Chronic fatigue syndrome overview

Chronic Fatigue Syndrome (CFS) also known as myalgic encephalomyelitis (ME) affects an estimated 2.5 million Americans and as many as 250,000 British adults yearly.

CFS is associated with a rapid growth of neurosis in the central regulatory areas of the autonomic nervous system (ANS); this is attributed to malfunctioning inhibitory processes. It is an ailment that´s common among adults irrespective of race, gender or ethnicity, though chronic fatigue syndrome is more pronounced among people in their 40s and 50s. It can occur in children in very rare cases as well.

Women are more susceptible to contracting it than men with four in five reported cases being women. People who are most at risk are residents of big cities, business owners/top management staff or in general, people with significant responsibilities (and the resulting high stress levels) in workplaces.
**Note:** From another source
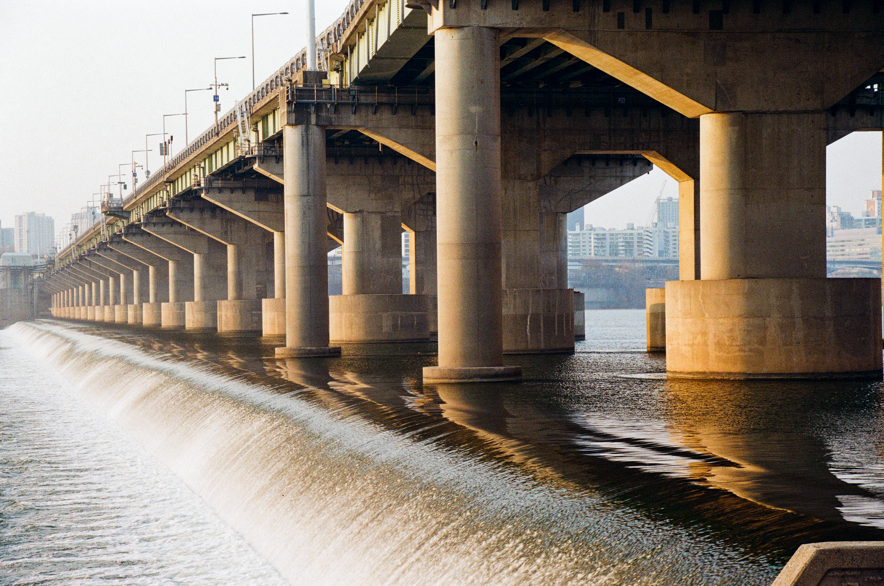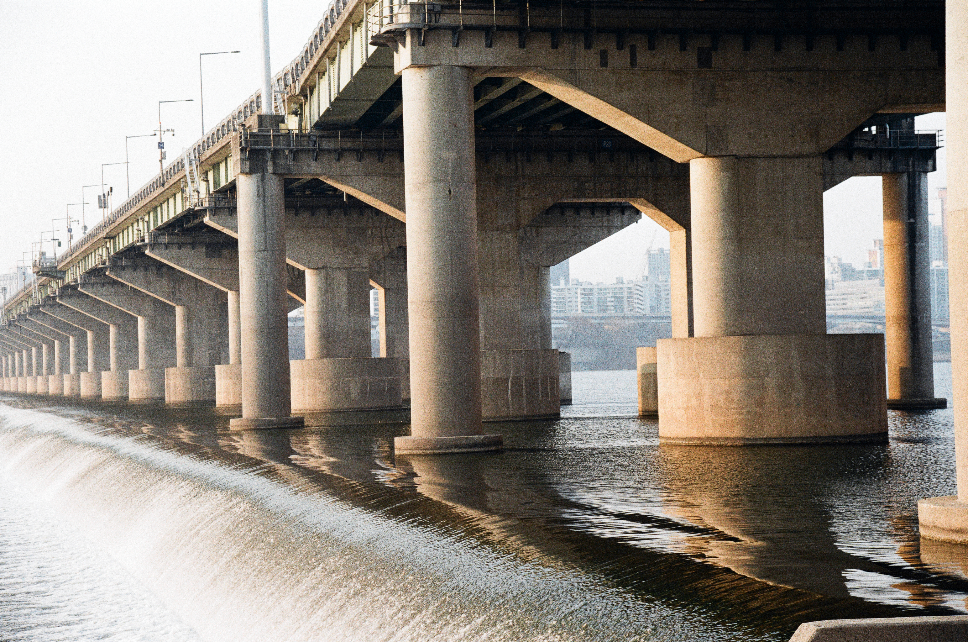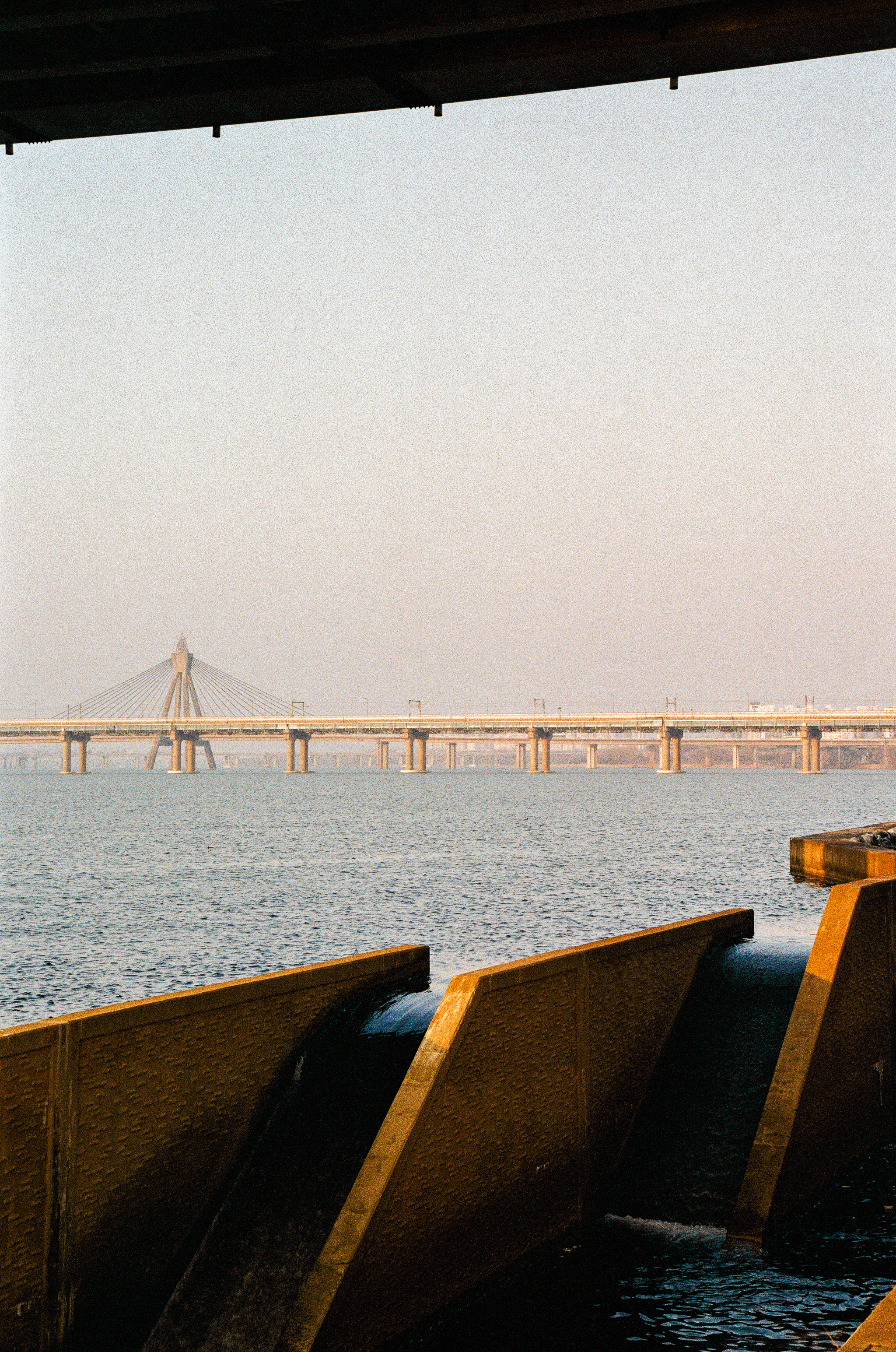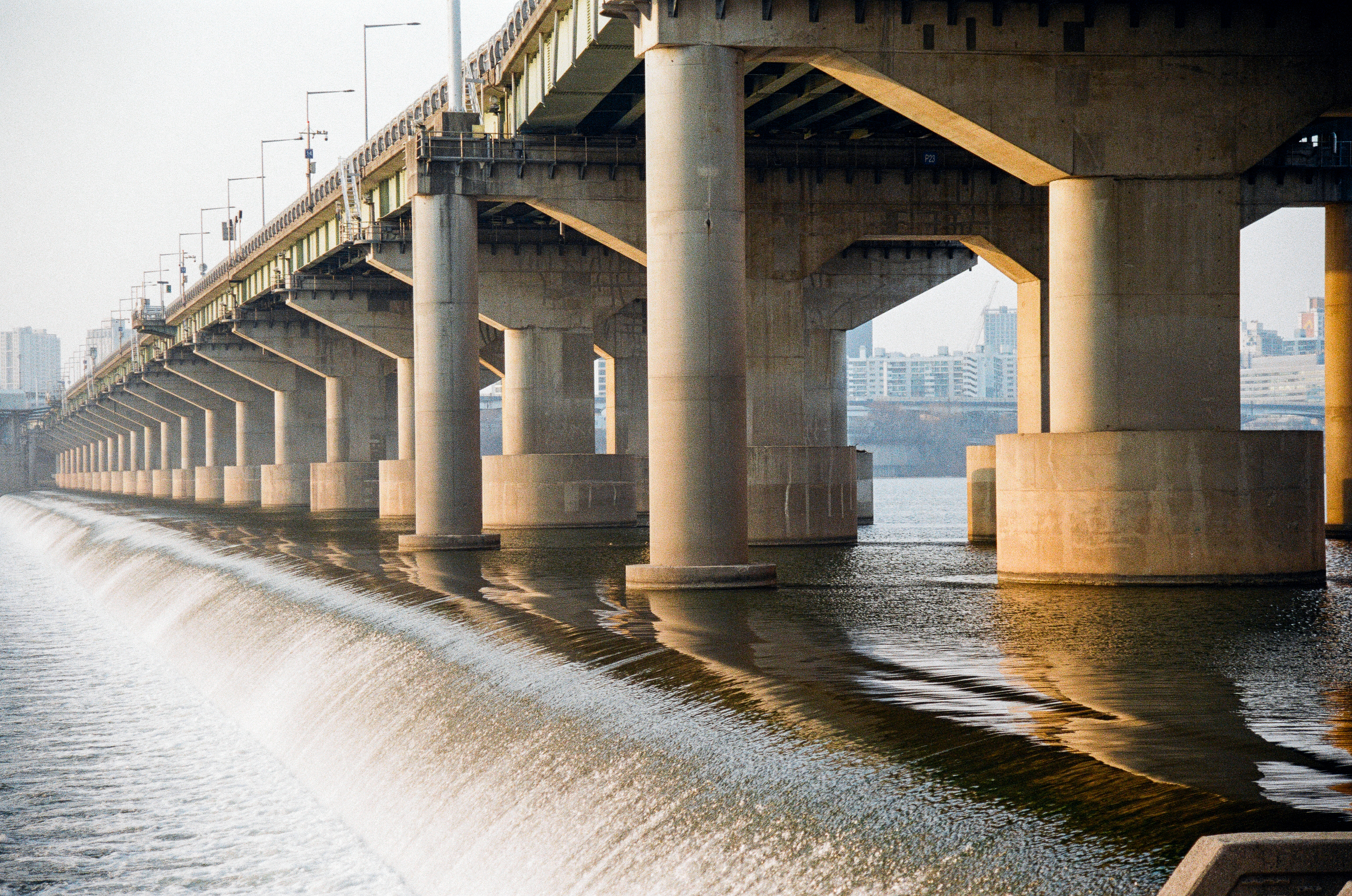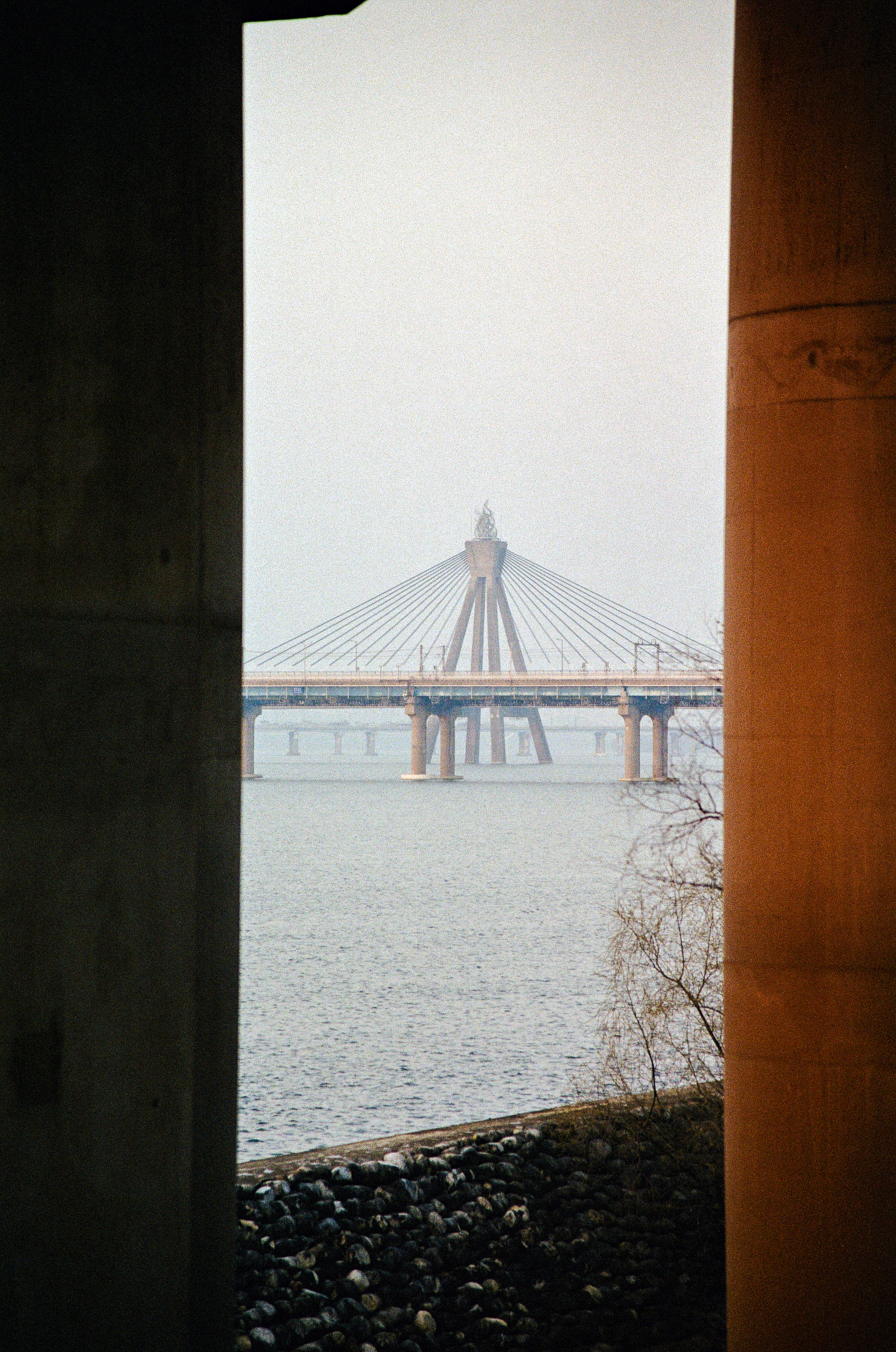 첫째는 수동 카메라를 들고 왔어야 한다. 워낙 미세먼지가 심했던 날이기도 하지만 노을빛이 떨어지는 다리 기둥의 모습과 뒤에 보이는 철교의 모습이 조화롭지가 못하다, 초점과 노출의 의도적 사진을 위해 수동 카메라를 들고 와야겠다.

Other contributory factors include dangerous emissions from toxic industrial materials and heavy metals as well as side effects of chronic diseases such as infections from retroviruses.

Symptoms of chronic fatigue syndrome

It is a medical condition that is characterized by various symptoms, the most significant being a sensation of continuous fatigue, patients face challenges daily with the effects of this disease both physically and psychologically.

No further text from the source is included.